■ WORK INSTRUCTIONS
Print, please, exactly the lines from the one with "The separate casita" through the final line of the data below, with both ends included and the pictures left out.

■ GIVEN DATA
※

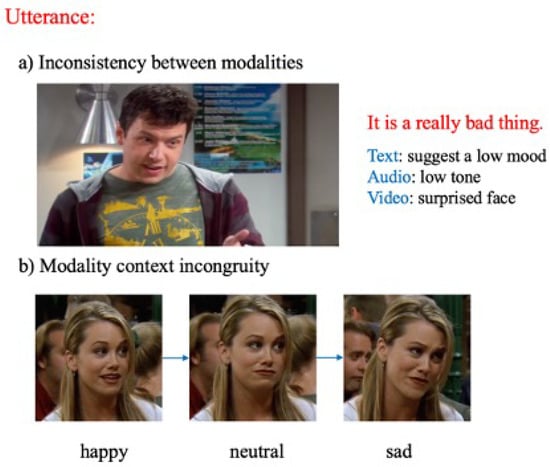 Traditional sarcasm detection methods can be divided into three categories. The first category is based on text data. By capturing the inconsistency between texts, many sarcasm detection methods have been proposed [2,3,4,5]. However, these methods only detect sarcasm through textual data, ignoring the incongruity of information between different modalities. The second category includes methods based on images, text, and data seen from images (attributes, objects, text, descriptions, etc.) Cai et al. [6] constructed a multimodal dataset and proposed a new hierarchical fusion model to fully utilize the information of three modalities of image, text, and image attributes to solve the problem of sarcasm detection. Yao et al. [7] proposed a multi-modal, multi-interactive, multi-level neural network. This model takes images, texts in images, image descriptions, and Twitter text data as inputs and detects sarcasm by stimulating the brain’s first-order and second-order understanding of sarcasm. Pan et al. [8] proposed an architecture based on the BERT model and found inconsistencies among multimodalities. However, such methods rely heavily on the clarity of the image and the data detected from the image. However, with the advent of the short video era, people are more willing to share short videos to record their lives on the social media platforms Twitter and TikTok. Therefore, only modeling text and image data are not enough to detect sarcasm. From this, the third category of sarcasm detection methods is derived—video, text, and speech-based methods. Castro et al. [9] proposed the first sarcasm detection dataset based on text, speech, and video data. They extract text, speech, and video features separately and concatenate the features of the three modalities as the input of the SVM classifier. However, the SVM algorithm is difficult to implement for large-scale training samples, and the algorithm is also sensitive to missing data and parameters, as well as the choice of kernel functions. In addition, taking vision as a modality and simply concatenating the features of each modality is unfavorable for sarcasm detection. Wu et al. [10] argue that previous work did not explicitly model the incongruity between modalities. Therefore, they propose an incongruity-aware attention network (IWAN) to detect sarcasm through a scoring mechanism for word-level incongruities between modalities. Chauhan et al. [11] believe that contextual and multimodal information is sometimes unhelpful for sarcasm detection, so they extended the dataset proposed by Castro et al. [9] using emojis and offered an emoji-aware multitask deep learning framework. However, such methods have a disadvantage in that the training speed is slow, and it ignores essential information, namely, that there is a large amount of data irrelevant to sarcasm detection in the video modality, such as the background information in the video.
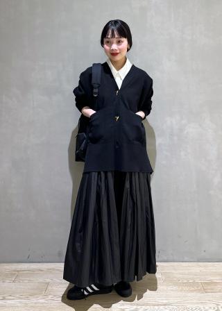 存在感のあるスカートなのでシンプルなトップスと合わせるだけでもこなれ感が出ます
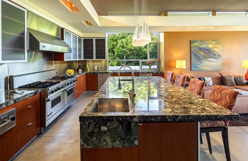 The separate casita features two more queen-size bedrooms, as well as a sitting room, kitchenette, and a pub-style dining table for 4.
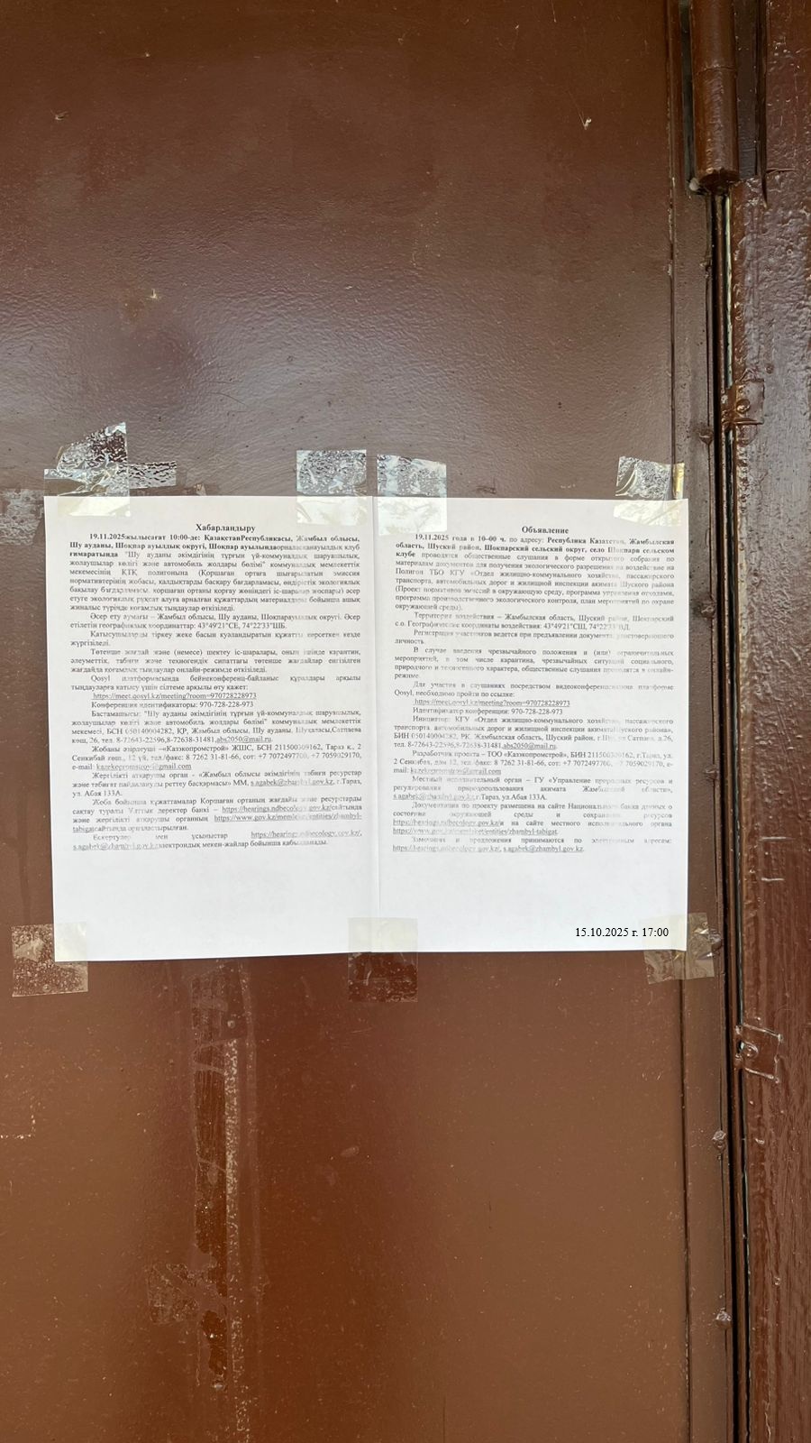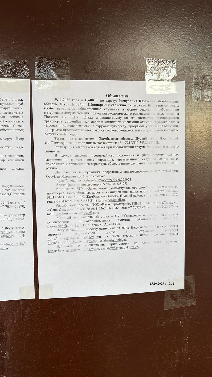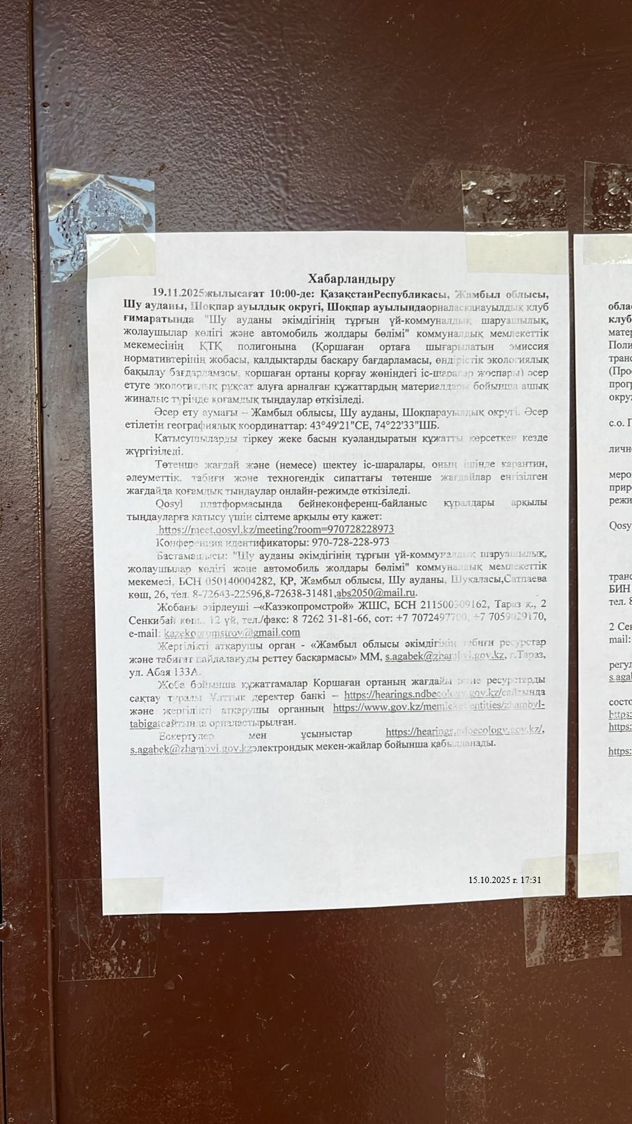 3. Общественные слушания организованны: Управление природных ресурсов и регулирования природопользования Жамбылской области, s.agabek@zhambyl.gov.kz,

※

■ RESULT OF THIS EXERCISE
 The separate casita features two more queen-size bedrooms, as well as a sitting room, kitchenette, and a pub-style dining table for 4.
 3. Общественные слушания организованны: Управление природных ресурсов и регулирования природопользования Жамбылской области, s.agabek@zhambyl.gov.kz,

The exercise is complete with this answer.